Rainfall, temperature, wind speed and relative humidity are the key climate drivers that influence the spatio-temporal malaria transmission. Areas like Ghana, where mean temperatures are within the range that supports malaria transmission, variations in rainfall play a key role in understanding disease dynamics. Consequently, most studies attempt to associate malaria incidence with rainfall. However, contrasting results have been observed. For instance, the Atonsu (urban), Emena (peri-urban) and Akropong (rural) towns within the Ashanti region of Ghana, Tay et al. [27] observed weak but variable relationships between rainfall and hospital morbidity data at various time lags. Klutse et al. [28] found a poor correlation between rainfall and malaria at Winneba (coastal) and Ejura (transition) zones. Interestingly, a strong but negative correlation was observed for these two locations with a two-month lag time between malaria and rainfall. In the forest zone, Danuor et al. [29] observed a strong negative correlation between rainfall and malaria incidence. Similarly, in the forest zone, Krefis et al. [30], using a regression model, found about two-month time lag between rainfall and malaria incidence. This nonlinearity between rainfall and malaria intensity has been observed elsewhere [31,32].
Due to this strong nonlinear relationship between malaria incidence and rainfall, a model that incorporates surface hydrology (e.g., the International Centre for Theoretical Physics, Trieste (VECTRI) Tompkins and Ermert [33]) is likely to perform better in predicting malaria incidence relative to models that use rainfall as proxy for aquatic habitats. For instance, rainfall in addition to local scale hydrological conditions control mosquito developmental habitat dynamics and, to some extent, its productivity [34,35]. More importantly, in Ghana, studies linking climate fluctuations and malaria transmission across the various agro-ecological zones are limited.
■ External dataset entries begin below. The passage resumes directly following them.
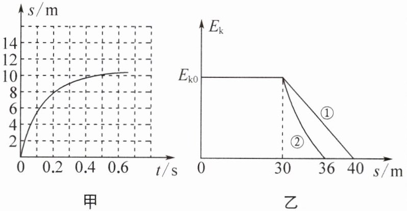 (4)储能效率是指汽车正常行驶时关闭发动机,直至汽车停止的过程中,通过发电机将动能转化为电能的效率。某次测试储能效率时,先让汽车正常行驶,然后关闭发动机,分别测出开启和关闭再生制动器两种情况下,汽车通过的路程s与对应的速度大小v,计算出动能Eₖ,画出Eₖ随s变化的图像如图乙所示。则图中表示开启再生制动器的图线是
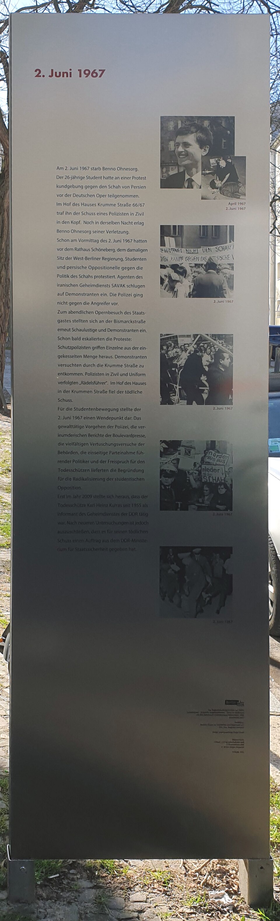 Benno Ohnesorg, geboren am 15. Oktober 1940 in Hannover, gestorben am 02. Juni in Westberlin war ein deutscher Student, der bei der Demonstration 02. Juni 1967 in Westberlin gegen den Staatsbesuch des Schahs von Persien, Mohammed Reza Pahlavi von Karl-Heinz Kurras erschossen wurde. Das machte ihn bekannt und trug wesentlich dazu bei, dass sich die westdeutsche Studentenbewegung der 1960er Jahre bundesweit ausbreitete und radikalisierte. Sein Todestag gilt als Einschnitt der westdeutschen Nachkriegsgeschichte mit weitreichenden gesellschaftspolitischen Folgen.
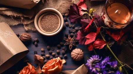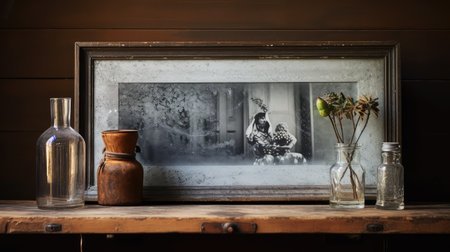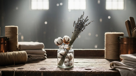 A charming rustic still life arrangement featuring dried flowers, wooden objects, glass jars, and vintage containers, creating a warm, nostalgic atmosphere.
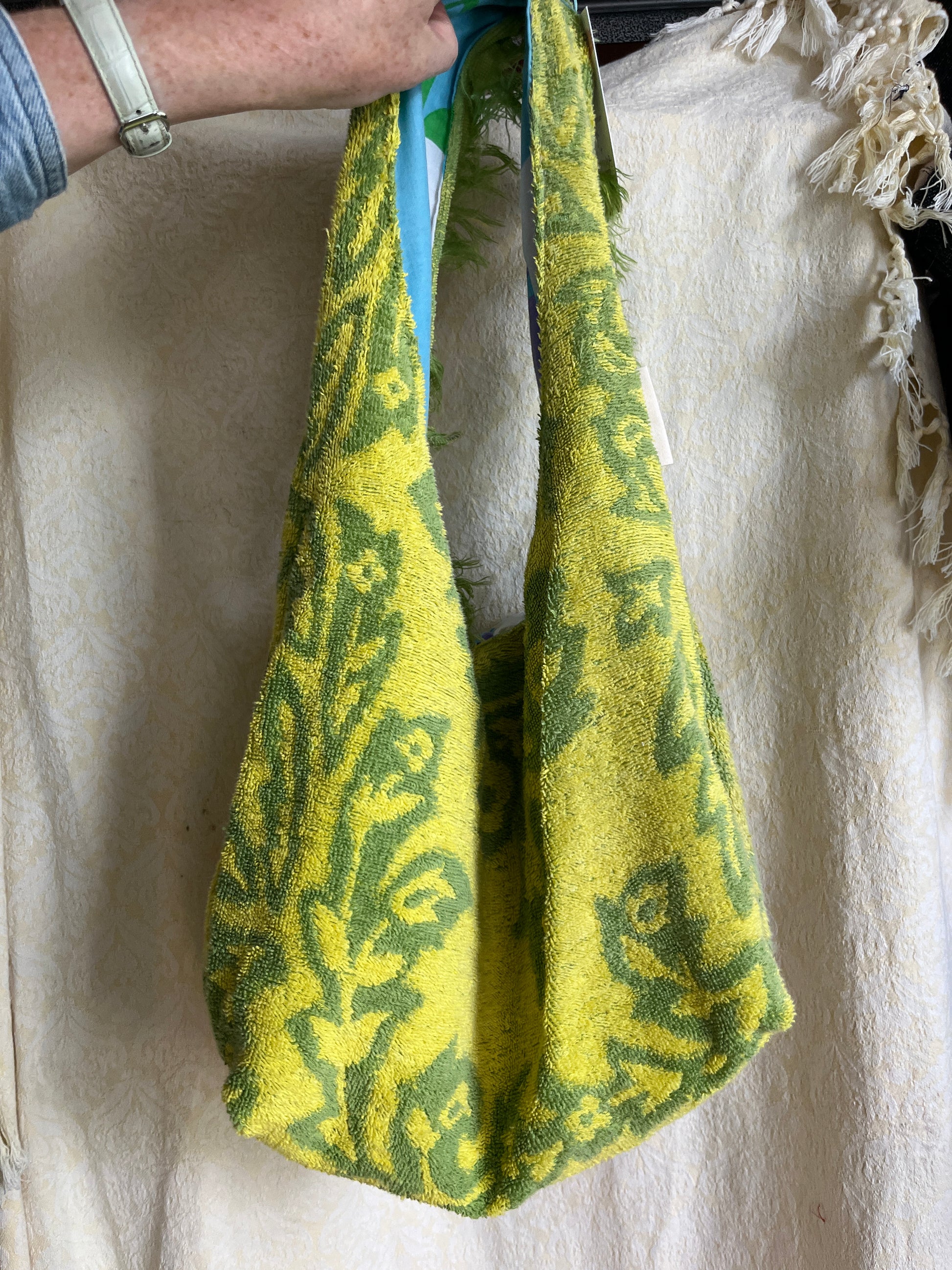 A simple and timeless teardrop shaped bag with one handle for carrying or wearing on your shoulder. Reversible, with inner (or outer!) contrast slide pocket. Two ties for securing the opening. Perfect as an everyday extra bag (think market trips, beach days, or library hauls) or as your main purse if you love a roomy, laid back style. All bags vary in finished measurements, but are either a short or longer handle (with the possibility for crossbody wearing on some bodies) as described below.

The few available studies are based on a single or at most two ecological zones and over a short time period [27,28,29]. Thus, it becomes clearly difficult to understand malaria transmission dynamics over the entire country.
The aim of this paper is to investigate the spatio-temporal variability in malaria transmission patterns over the four agro-ecological zones using the VECTRI model [33] driven by rainfall and temperature datasets obtained from the 22 synoptic stations operated by the Ghana Meteorological Agency (hereafter GMet) between 1981 and 2010. Although the potential of using VECTRI to give advance warning about malaria incidence has been explored [36], this model has never been evaluated on a local scale. Consequently, the potential of the model to predict local scale seasonal variability in malaria transmission is assessed using monthly recorded malaria cases from Emena hospital (a peri urban town located within Kumasi metropolis). Results evaluation demonstrates the ability of the VECTRI model to provide malaria early warning information over Ghana, and the model also possesses the potential to predict malaria seasonality at a local scale.

2. Method and Data

2.1. Study Area and Data

In this study, daily rainfall and maximum and minimum temperatures were obtained from GMet (Accra, Ghana). The 22 GMet synoptic stations data over the country for a 30-year period (1981–2010) were considered. The name and location of these stations across the four agro-ecological zones are shown in Figure 1. These data were used as inputs to drive the VECTRI model to simulate climate-driven malaria transmission dynamics over the country. In addition, daily observations of the same variables were obtained from GMet operated agro-meteorological station (Agromet) located at Kwame Nkrumah University of Science and Technology (KNUST) campus in Kumasi (Figure 1) to drive the model to evaluate VECTRI performance on a local scale. The Agromet station is located about 4 km from the Emena hospital.
Rainfall is highly variable in Ghana in terms of its onset and cessation times across different zones but exhibits less variability within the zones. These spatio-temporal variability in rainfall is mainly controlled by the north- and southward movements of the Inter-Tropical Discontinuity (ITD) [37,38,39], usually referred to as West African Monsoon system (WAM).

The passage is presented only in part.